The only thing I can think of that is causing missed ticks is the SPI library. I haven't looked inside it, but in my read_encoder I read the ADC 128 times very rapidly (at 2MHz SPI clock). This procedure takes about 4ms. If the SPI library disables interrupts while bit-banging, that would result in a lot of missed ticks.

A linear deviation from the wall clock seems to make sense if the oscillator is off frequency OR if you have a bug that introduces a consistent error.

I would think that no matter how many times you sample the ADC, that ints would be enabled between each call. A ~2mS SPI ISR time sounds unlikely.
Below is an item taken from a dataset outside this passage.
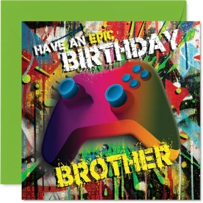 Bursts with playful energy thanks to its bold 'HAVE AN EPIC BIRTHDAY BROTHER' message and colourful gaming controller front and centre. Birthday card for Brother with a light-hearted design style Features a graffiti-inspired background in lively greens and multicolour, sure to catch the eye of any gaming fan. Recyclable and printed in UK for a considerate choice Printed in the UK on quality gloss board with an uncoated inside. No smudging when writing inside. Printed on 360 micron stock for a confident, premium feel Blank inside, giving you the space to add your own personal touch. Comes with an envelope for easy gifting. The 145mm Square format is convenient to display or post Designed to bring a smile and crafted from FSC. Fully recyclable, so it's cheerful for the planet too. Printed in the UK. A thoughtful choice that helps you send smiles and warm wishes

At this point, I would do what it takes to find out precisely (as you can) what your resonator is running at on one of your boards by running a time keeping routine, like I described, for 24 hours and just see how far off it is. For every second that it's in error after 24 hours, that's roughly 10ppm of error. Or if you have an accurate scope or frequency counter? Once you know what your base error is, then we can determine if your results are to be expected or if they are out of line because of a bug.
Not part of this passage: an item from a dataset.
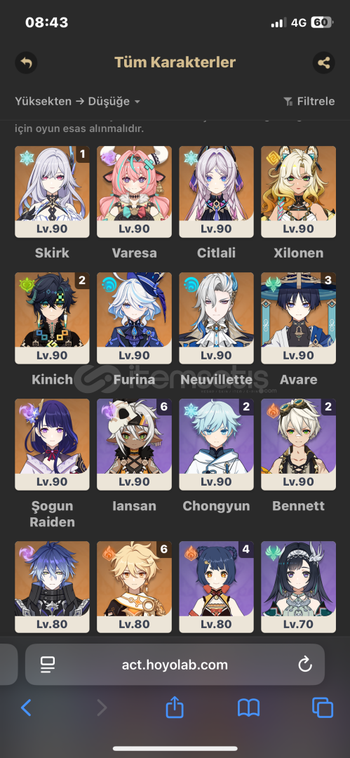 5 yıldızlı karakterler (Cons levelleri) ve silahlar (Refine aşamaları) şu şekildedir;Skirk (C1)VaresaAvare (C3) - BIS Silahı (R1)Kinich (C2) - Serpent Spine (Sadece battle pass ile alınır ve R5)Neuvilette - Jadefall's Splendor x2 (R1)Raiden Shogun - Skyward Spine x2 (R1)XilonenCitlaliFurinaDehya (C4)QiqiMizukiKeqingDilucTighnari (C1)Flins+ Göklerin Liri çıktıHiçbir bölgede explore Enkonomiya (%78) dı...

EDIT: If you have an RTC or even a GPS that can generate a 1pps pulse, I can give you a sketch that will precisely measure the pulse length (1uS) using the hardware capture. You can then take this measurement and get a decent idea of how far off your resonator is. For example if you get consistent measurements of a one second GPS pulse of 999700uS, then you know your off by 300ppm.

It is definitely something to try. But the deviation is not the same (as noted above, sometimes it's -2000ppm, sometimes -1000ppm, other times +1000ppm). And I have neither scope nor counter. I'd like to get one of the TBS1022's though. $)
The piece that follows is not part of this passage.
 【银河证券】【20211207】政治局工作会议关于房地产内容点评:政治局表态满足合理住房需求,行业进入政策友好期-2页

Actually I already bought some of the RTCs. I just can't work on them as I need to travel for the next week. But realistically the effort of putting in an RTC is less than digging around the code. And the added cost to the solution isn't that much, considering that it relies on an encoder that costs anywhere from $350 to $700. So a $5 RTC and crystal are insignificant.

Now if I still see drift after putting in the RTC.. then it would have to be a software bug. :astonished:

Check my EDIT on the last post (I do this a lot, so keep that in mind) about using a GPS output pulse to measure the accuracy of your resonator.

EDIT: You should check out the Rigol scopes too, they're pretty good and you can get 100MHz bandwidth for $400.

The RTCs I got (PCF8583) does output a 1Hz pulse. I was thinking of just using that instead of bothering with the I2C bus (would save pins, and less code needed).

GPS.. I have thought about it. But I don't like the idea of having to rely on a GPS fix. The Chronodot costs about the same.

Thing is - I don't need GPS or even Chronodot accuracy. 50ppm would be good enough! so in theory the Max32 should have no trouble achieving that with its 30ppm crystal. But for some strange reason millis() doesn't give correct results even on that system. I can't help thinking it must be some software bug.. but I can't find it.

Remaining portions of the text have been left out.